Dans la lumière intime d’une chambre à Saint-Pétersbourg, un couple gai partage un moment d’intimité. Cette photo faisait echo à l’homophobie en Russie, mais la scène aurait aussi bien pu se passer en France ou dans bien d’autres pays où l’homophobie est, à mon grand désespoir, un fléau.

A deux pas de chez Nicole, était projeté en plein-air le documentaire «Québékoisie», d’Olivier Higgins et Mélanie Carrier.

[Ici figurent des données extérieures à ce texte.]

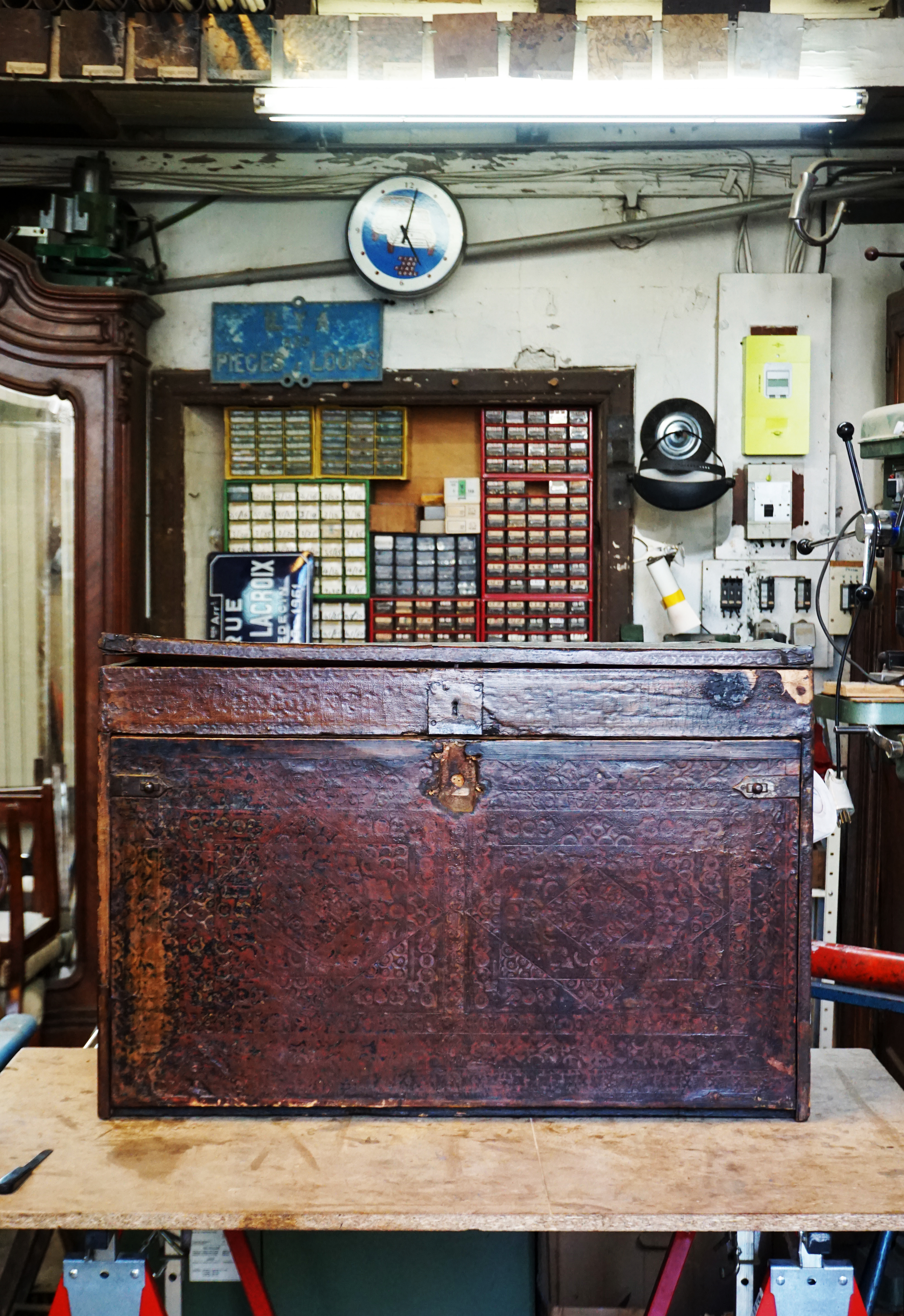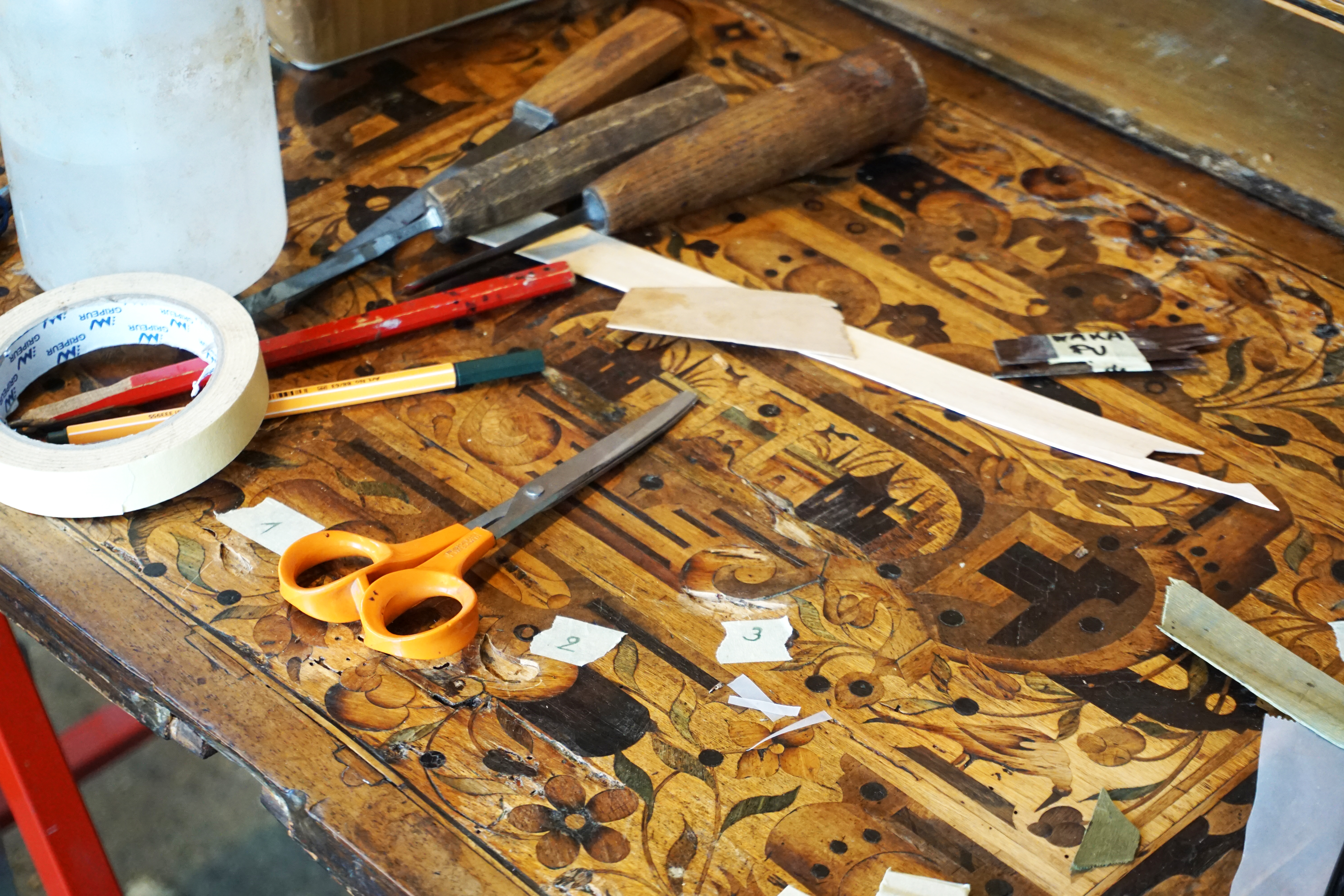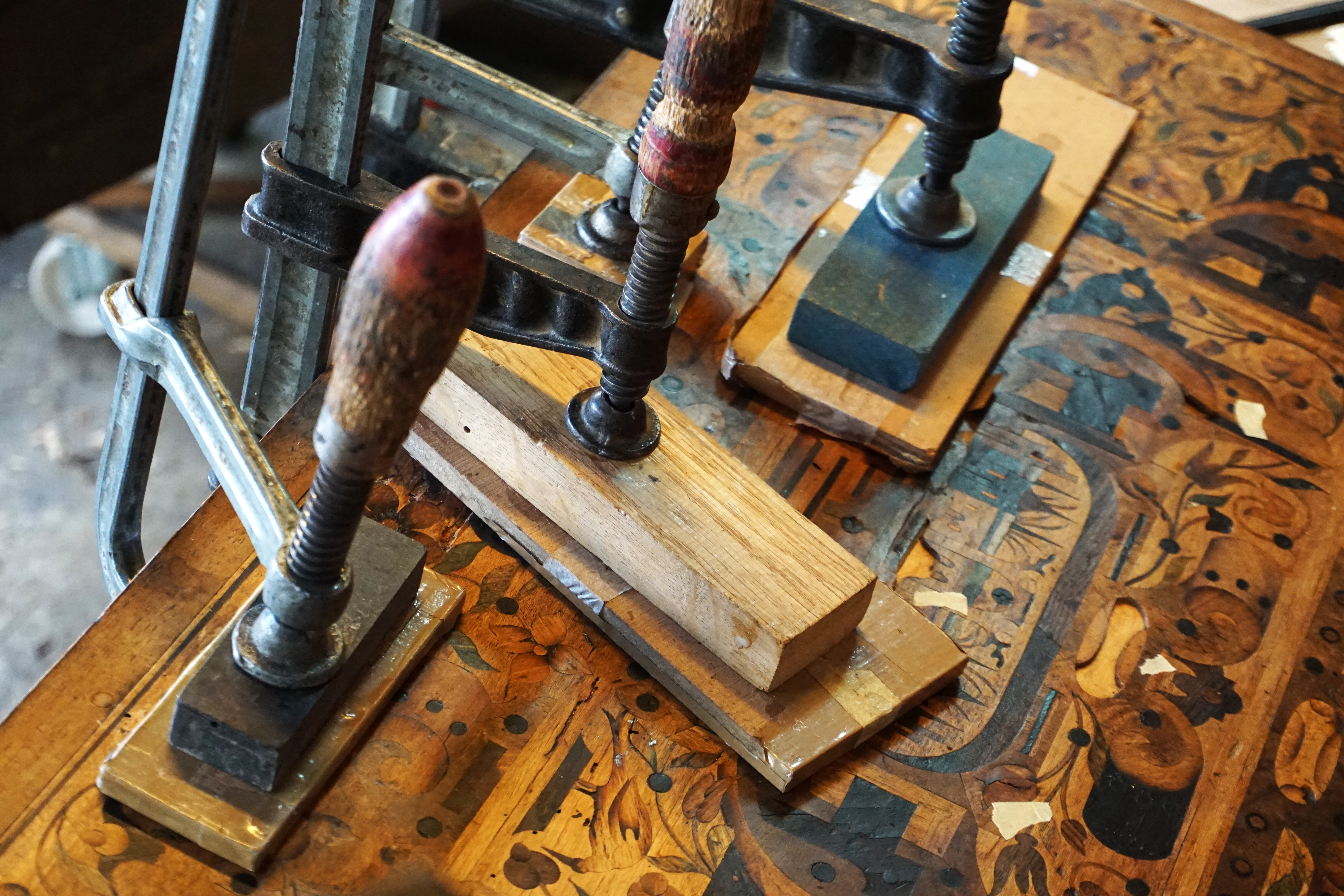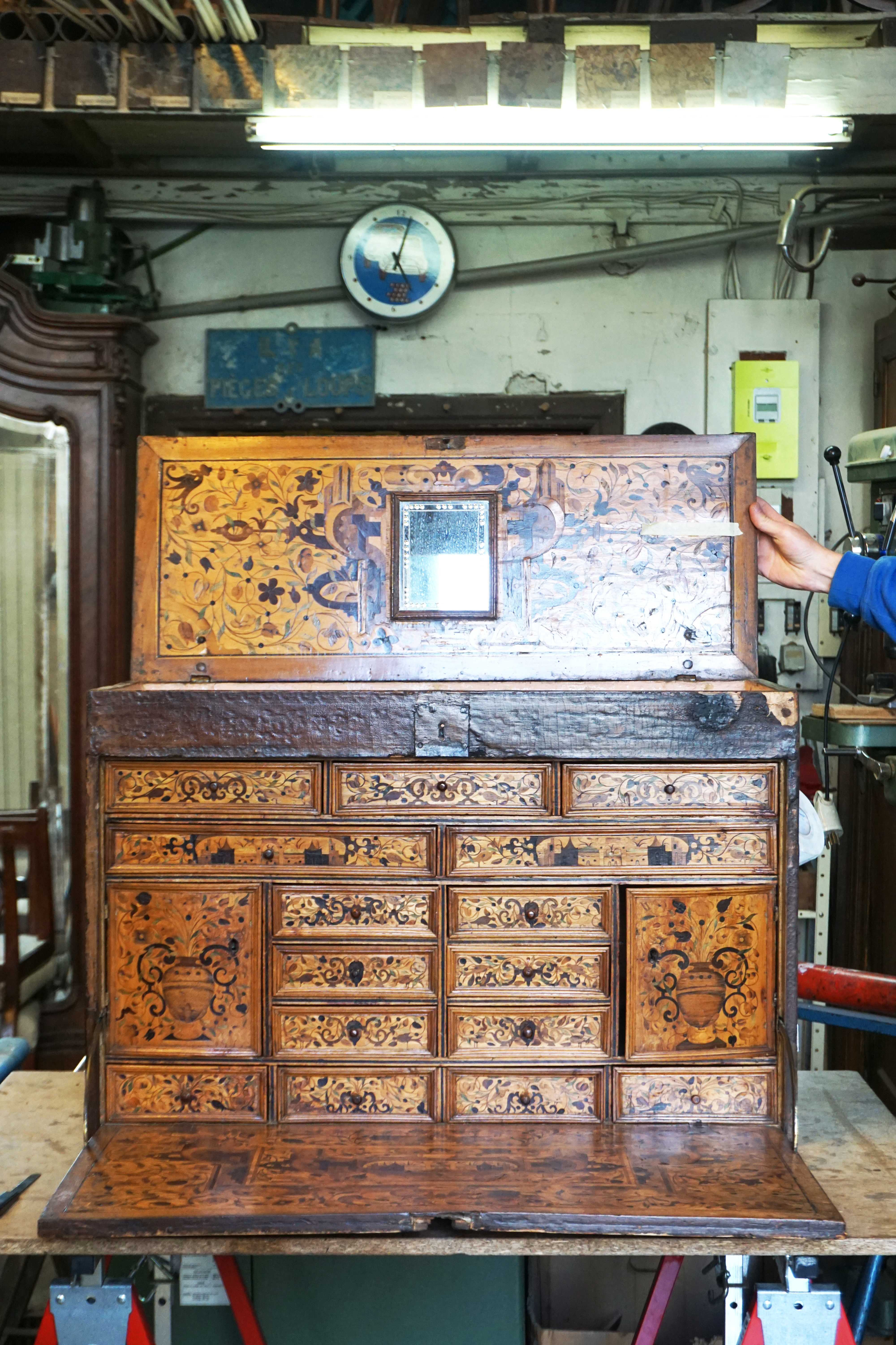 Recollage complet de la marqueterie. Consolidation du bois avec résines paraloïdes réversibles. Dépose des anciens rebouchages de cire, puis suivant la taille du manque : comblement à la résine ou remplacement par une pièce en bois de même essence. Décapage complet, notamment du coté gauche du meuble dont le gaufrage avait disparu sous l’épaisse couche de peinture. Réancrage de la charnière, changement des vis de la serrure, remontage, mise en teinte.

Je connaissais mal l’histoire des Premières Nations et durant ma traversée du Canada, à part entendre que les autochtones buvaient de l’alcool, se droguaient et battaient leur femme, je n’avais pas eu l’occasion d’en apprendre davantage.

Un premier documentaire présentait le témoignage d’un homme autochtone, qui enfant fût arraché à ses parents pour être enfermé dans un orphelinat. J’apprenais alors que de 1870 à 1996, le gouvernement canadien avait arraché des milliers d’enfants amérindiens à leurs familles, pour en faire de «bons petits Blancs». Une fois placés dans ces orphelinats, tout était mis en œuvre pour que ces enfants soient dépossédés de leurs racines et de leur culture. A leur arrivée, ils perdaient leur nom, n’avaient pas le droit de parler la langue amérindienne et inuite. En brisant ainsi les cultures autochtones, le gouvernement espérait assimiler ces enfants autochtones à la culture européenne dès leur plus jeune âge. Cette période a créé une coupure, notamment la perte de langue chez certains autochtones. Aujourd’hui, certains jeunes essayent  de se réapproprier leur langue et leur culture.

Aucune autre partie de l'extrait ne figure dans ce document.